● REQUIRED WORK
Although the material holds pictures, none belong in the copy; transcribe exactly, and only, the lines from the one with "Lomsoe Pink Christmas" through the end.

● THE DATA
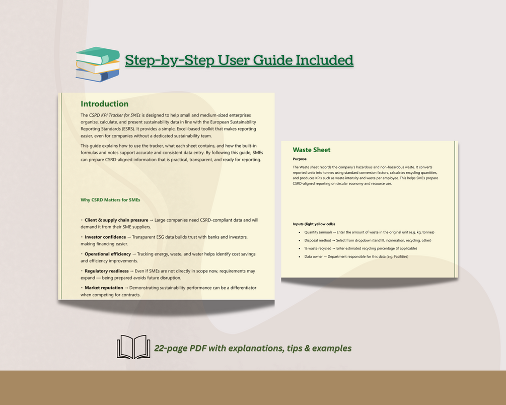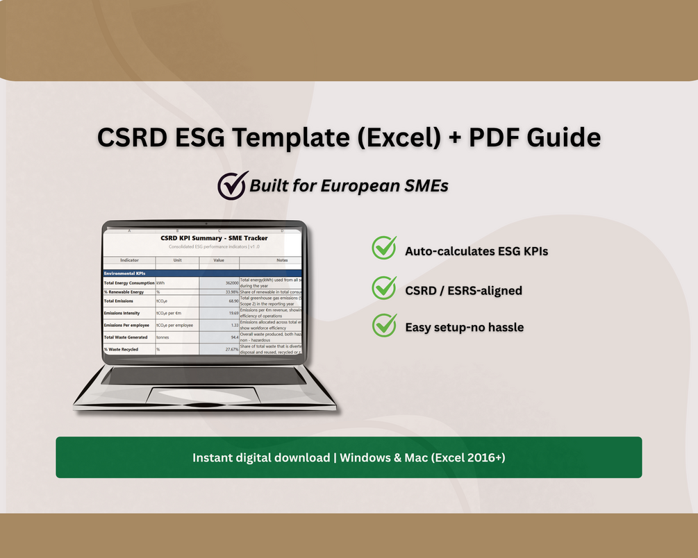 CSRD & ESG Excel Tracker for SMEs | Sustainability Excel Template + PDF User Guide
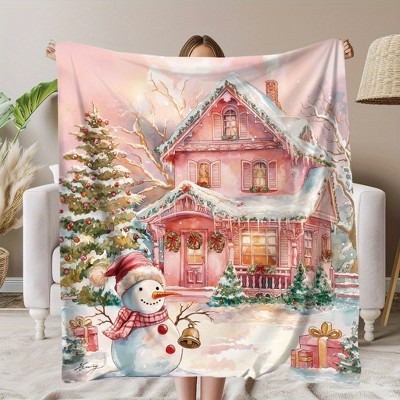 Lomsoe Pink Christmas Snowman & House Print Flannel Blanket - All Seasons Soft and Warm Throw Blanket for Bed, Napping, Camping, Travel, Office
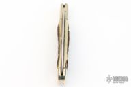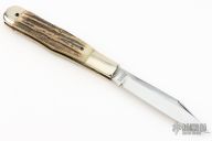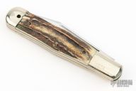 This knife by Taylor Cutlery features a mirror polished blade with nail nick. The handle has nickel silver bolsters, stag covers, brass liners, steel spring. Has some light patina, otherwise excellent condition. #0674
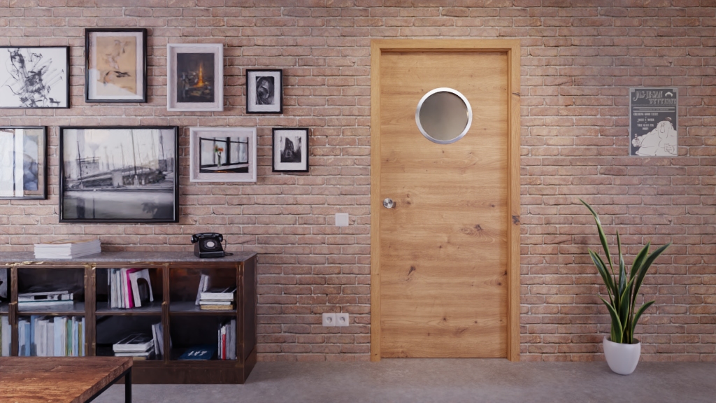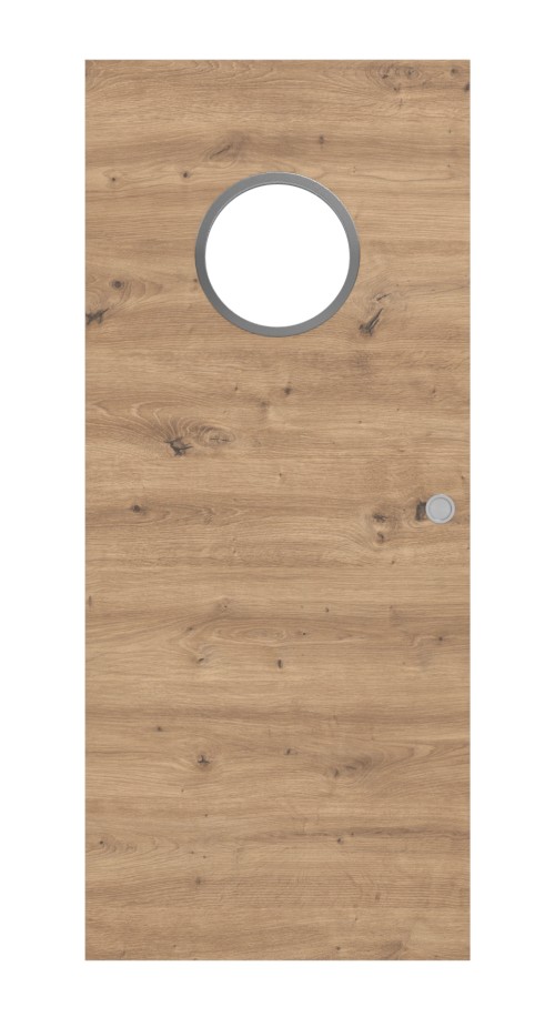 Dzięki pierścieniom rocznym i sękom, brązowe wykończenie CPL uzyskuje autentyczny wyraz. Łatwa pielęgnacja zapewnia wysoką odporność na rozpuszczalniki i wilgoć. Okrągłe okno szklane w górnej części drzwi przypomina bulaj statku.

● SOLUTION FOR THIS TASK
 Lomsoe Pink Christmas Snowman & House Print Flannel Blanket - All Seasons Soft and Warm Throw Blanket for Bed, Napping, Camping, Travel, Office
 This knife by Taylor Cutlery features a mirror polished blade with nail nick. The handle has nickel silver bolsters, stag covers, brass liners, steel spring. Has some light patina, otherwise excellent condition. #0674
 Dzięki pierścieniom rocznym i sękom, brązowe wykończenie CPL uzyskuje autentyczny wyraz. Łatwa pielęgnacja zapewnia wysoką odporność na rozpuszczalniki i wilgoć. Okrągłe okno szklane w górnej części drzwi przypomina bulaj statku.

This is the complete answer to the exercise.